I am 64 and retired a year and a half ago.

I grew up in a terribly abusive and unsupportive home, an environment that almost killed me many times before I finally escaped in my early 20s. Things seemed fine for many years but I didn't know I was suffering from PTSD until about 5 years ago and sought professional help in dealing with it.

Through my life I haven't had much luck with relationships. My first marriage was short and disastrous, my second was 13 years and seemed much better until I realized I had manipulated for YEARS - that was the end of that. I did find love briefly but my love died of a brain tumour after only a couple of years and before we figured out how our relationship was to fit together. Everybody I ever cared about used me and manipulated me (except for the one who died) and eventually betrayed me.
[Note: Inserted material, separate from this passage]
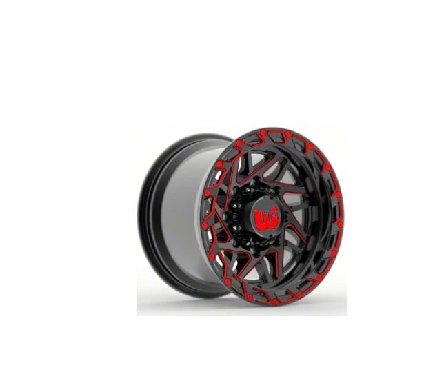 Western Wheels BOULDER Gloss Black with Red Milling Spokes and Spot 5-Lug Wheel; 20x10; -12mm Offset This wheel features an exceptional design that enhances the aesthetic appeal of your vehicle. Its robust build and refined finish make it a premium addition to any compatible truck.
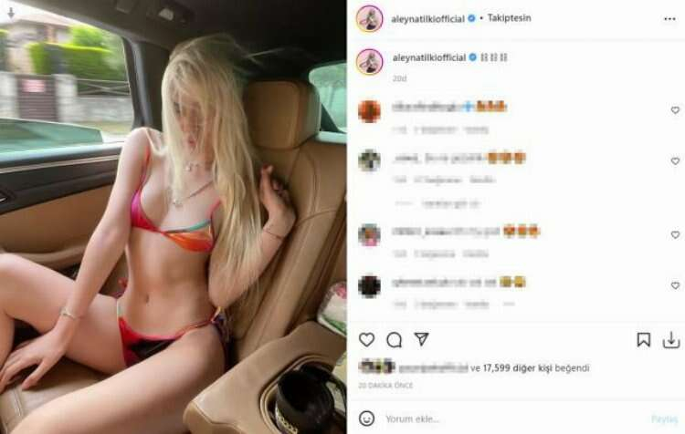 Instagram'da 3 milyon takipçisi bulunan Aleyna Tilki, renkli bikinisiyle araba içinde verdiği pozu takipçilerinin beğenisine sundu. Paylaşım kısa sürede yorum ve beğeni yağmuruna tutulurken genç şarkıcının arabada bikiniyle poz vermesi kafa karıştırdı.

Ever since childhood I have had bad dreams, dreams full of conflict, pain, and troubles, and have never had good dreams, pleasant dreams. In the past year, the bad dreams have become worse. It is a "good" morning when I wake up with no memory of bad dreams.

I don't know if it is of any use to go to a therapist or if it is a waste of money. I don't know if I can be "fixed" or if it is just the result of a rotten life. It would be nice to have peace in my senior years but .......

Has anyone else had bad dreams in the long-term? If you did and you don't have them any more, what made the difference?

Thanks girls!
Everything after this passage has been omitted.